*Given information*:
== Segment start ==

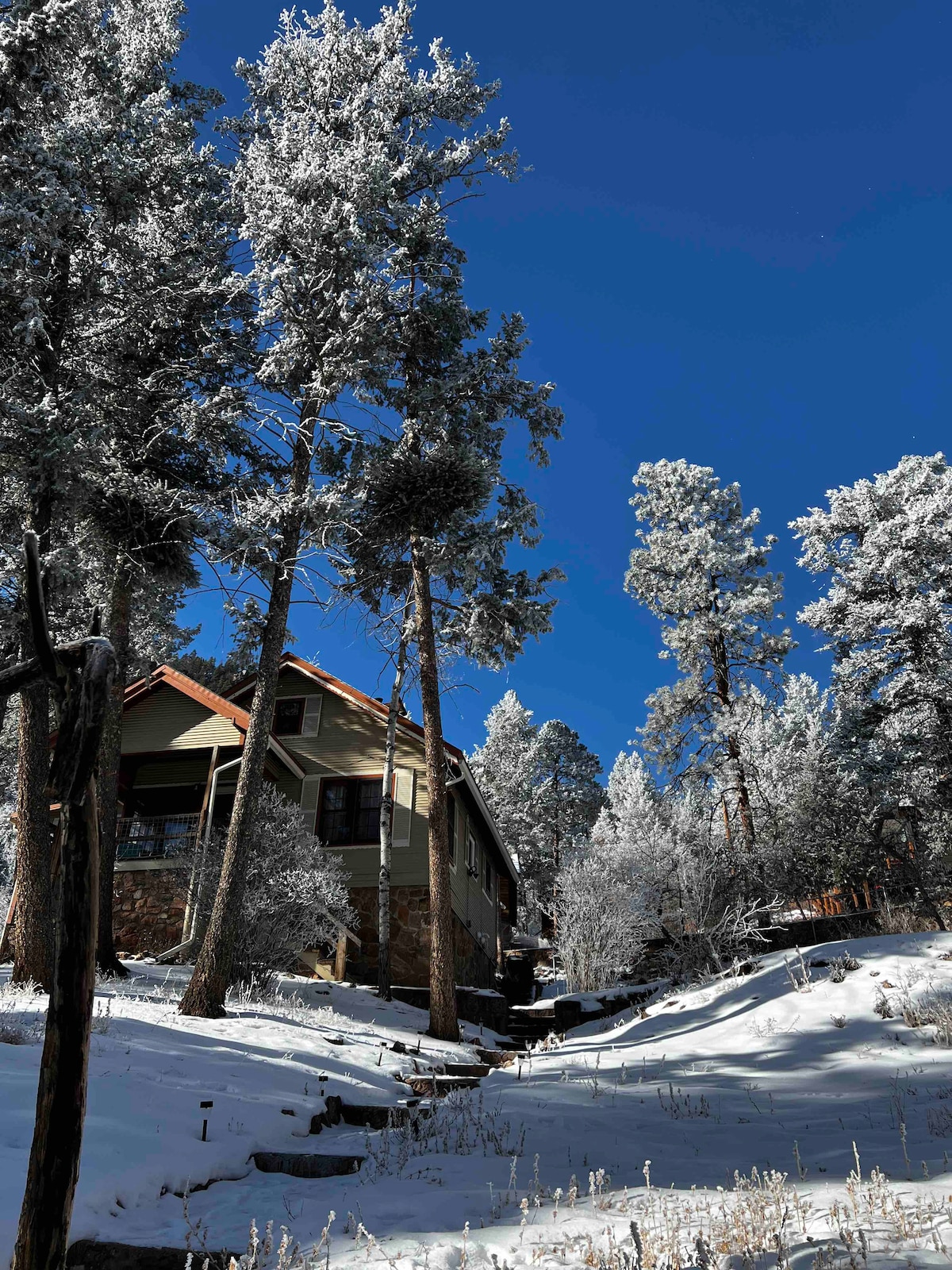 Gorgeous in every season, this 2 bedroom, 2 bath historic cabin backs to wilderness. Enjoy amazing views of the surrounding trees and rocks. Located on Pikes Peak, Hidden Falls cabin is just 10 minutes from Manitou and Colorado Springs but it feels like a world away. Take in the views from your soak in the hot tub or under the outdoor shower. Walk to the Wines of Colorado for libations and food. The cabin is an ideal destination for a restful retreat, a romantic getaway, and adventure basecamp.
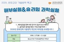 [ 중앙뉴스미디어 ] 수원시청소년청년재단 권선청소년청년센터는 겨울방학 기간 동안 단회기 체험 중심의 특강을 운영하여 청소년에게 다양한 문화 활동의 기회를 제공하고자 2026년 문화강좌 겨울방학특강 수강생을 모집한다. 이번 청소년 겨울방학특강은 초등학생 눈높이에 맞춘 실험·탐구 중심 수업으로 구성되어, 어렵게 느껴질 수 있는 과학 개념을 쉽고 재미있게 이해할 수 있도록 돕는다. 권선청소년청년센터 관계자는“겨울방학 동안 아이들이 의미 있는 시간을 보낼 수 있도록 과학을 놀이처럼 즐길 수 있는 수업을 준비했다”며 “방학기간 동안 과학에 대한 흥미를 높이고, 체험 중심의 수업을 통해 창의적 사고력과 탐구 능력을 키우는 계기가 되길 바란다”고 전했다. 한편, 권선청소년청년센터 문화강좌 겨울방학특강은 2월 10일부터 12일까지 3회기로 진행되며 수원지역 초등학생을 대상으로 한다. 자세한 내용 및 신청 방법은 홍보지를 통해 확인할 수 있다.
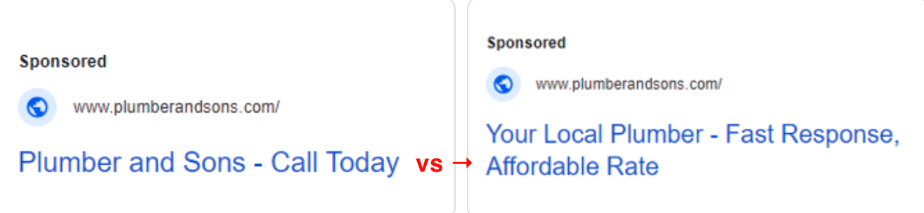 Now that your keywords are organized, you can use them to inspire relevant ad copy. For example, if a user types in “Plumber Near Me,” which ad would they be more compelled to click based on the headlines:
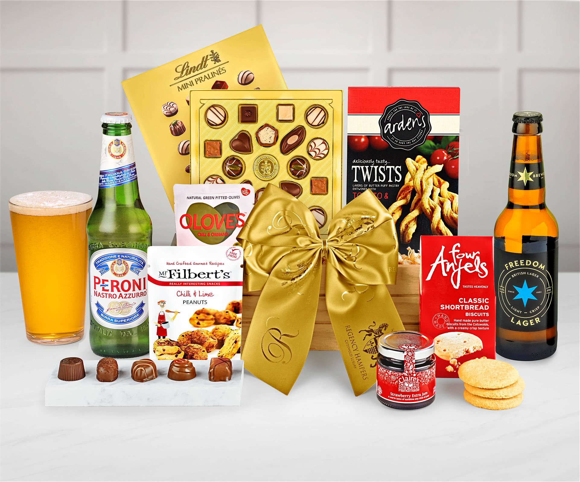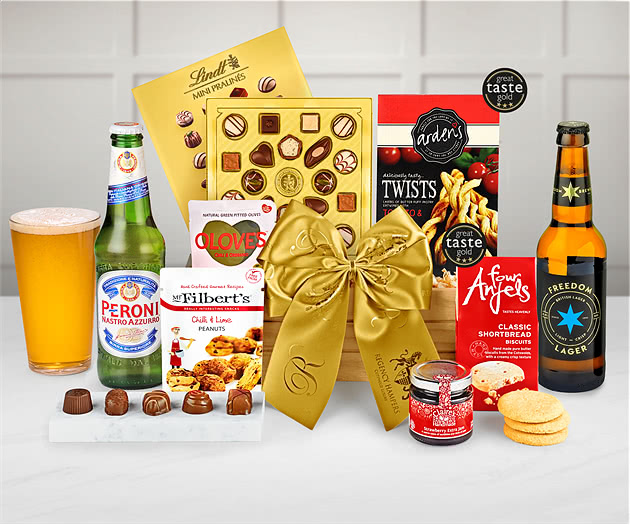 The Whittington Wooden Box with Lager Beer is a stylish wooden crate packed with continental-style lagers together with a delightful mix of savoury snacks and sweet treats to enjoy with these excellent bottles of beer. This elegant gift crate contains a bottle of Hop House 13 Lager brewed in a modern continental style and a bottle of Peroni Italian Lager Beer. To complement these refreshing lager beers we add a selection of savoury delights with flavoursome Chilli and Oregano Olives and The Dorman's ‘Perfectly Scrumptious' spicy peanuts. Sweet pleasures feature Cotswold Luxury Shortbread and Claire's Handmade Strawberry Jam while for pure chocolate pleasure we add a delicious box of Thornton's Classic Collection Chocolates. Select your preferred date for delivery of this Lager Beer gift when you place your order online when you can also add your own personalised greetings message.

== Segment end ==

*About this exercise*:
Repeat the data verbatim, excluding all pictures.

*Solution to this problem*:
 Gorgeous in every season, this 2 bedroom, 2 bath historic cabin backs to wilderness. Enjoy amazing views of the surrounding trees and rocks. Located on Pikes Peak, Hidden Falls cabin is just 10 minutes from Manitou and Colorado Springs but it feels like a world away. Take in the views from your soak in the hot tub or under the outdoor shower. Walk to the Wines of Colorado for libations and food. The cabin is an ideal destination for a restful retreat, a romantic getaway, and adventure basecamp.
 [ 중앙뉴스미디어 ] 수원시청소년청년재단 권선청소년청년센터는 겨울방학 기간 동안 단회기 체험 중심의 특강을 운영하여 청소년에게 다양한 문화 활동의 기회를 제공하고자 2026년 문화강좌 겨울방학특강 수강생을 모집한다. 이번 청소년 겨울방학특강은 초등학생 눈높이에 맞춘 실험·탐구 중심 수업으로 구성되어, 어렵게 느껴질 수 있는 과학 개념을 쉽고 재미있게 이해할 수 있도록 돕는다. 권선청소년청년센터 관계자는“겨울방학 동안 아이들이 의미 있는 시간을 보낼 수 있도록 과학을 놀이처럼 즐길 수 있는 수업을 준비했다”며 “방학기간 동안 과학에 대한 흥미를 높이고, 체험 중심의 수업을 통해 창의적 사고력과 탐구 능력을 키우는 계기가 되길 바란다”고 전했다. 한편, 권선청소년청년센터 문화강좌 겨울방학특강은 2월 10일부터 12일까지 3회기로 진행되며 수원지역 초등학생을 대상으로 한다. 자세한 내용 및 신청 방법은 홍보지를 통해 확인할 수 있다.
 Now that your keywords are organized, you can use them to inspire relevant ad copy. For example, if a user types in “Plumber Near Me,” which ad would they be more compelled to click based on the headlines:
 The Whittington Wooden Box with Lager Beer is a stylish wooden crate packed with continental-style lagers together with a delightful mix of savoury snacks and sweet treats to enjoy with these excellent bottles of beer. This elegant gift crate contains a bottle of Hop House 13 Lager brewed in a modern continental style and a bottle of Peroni Italian Lager Beer. To complement these refreshing lager beers we add a selection of savoury delights with flavoursome Chilli and Oregano Olives and The Dorman's ‘Perfectly Scrumptious' spicy peanuts. Sweet pleasures feature Cotswold Luxury Shortbread and Claire's Handmade Strawberry Jam while for pure chocolate pleasure we add a delicious box of Thornton's Classic Collection Chocolates. Select your preferred date for delivery of this Lager Beer gift when you place your order online when you can also add your own personalised greetings message.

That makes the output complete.